R/ctwas_harmonize_data.R
harmonize_z_ld.Rd
Harmonize z scores from GWAS to match ld reference genotypes. Flip signs when reverse complement matches.
harmonize_z_ld(
z_snp,
ld_snpinfo,
strand_ambig_action = c("drop", "none", "recover"),
ld_pgenfs = NULL,
ld_Rinfo = NULL
)
a data frame, with columns "id", "A1", "A2" and "z". Z scores for every SNP. "A1" is the effect allele.
a data frame, snp info for LD reference, with columns "chrom", "id", "pos", "alt", "ref".

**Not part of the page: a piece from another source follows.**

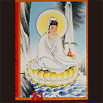 聽潮觀音,側坐素衣,坐黃蓮花。

the action to take to harmonize strand ambiguous variants (A/T, G/C) between the z scores and LD reference. "drop" removes the ambiguous variant from the z scores. "none" treats the variant as unambiguous, flipping the z score to match the LD reference and then taking no additional action. "recover" imputes the sign of ambiguous z scores using unambiguous z scores and the LD reference and flips the z scores if there is a mismatch between the imputed sign and the observed sign of the z score. This option is computationally intensive
a character vector of .pgen or .bed files. One file for one chromosome, in the order of 1 to 22. Therefore, the length of this vector needs to be 22. If .pgen files are given, then .pvar and .psam are assumed to present in the same directory. If .bed files are given, then .bim and .fam files are assumed to present in the same directory.
a vector of paths to the variant information for all LD matrices
a data frame, z_snp with the "z" columns flipped to match LD ref.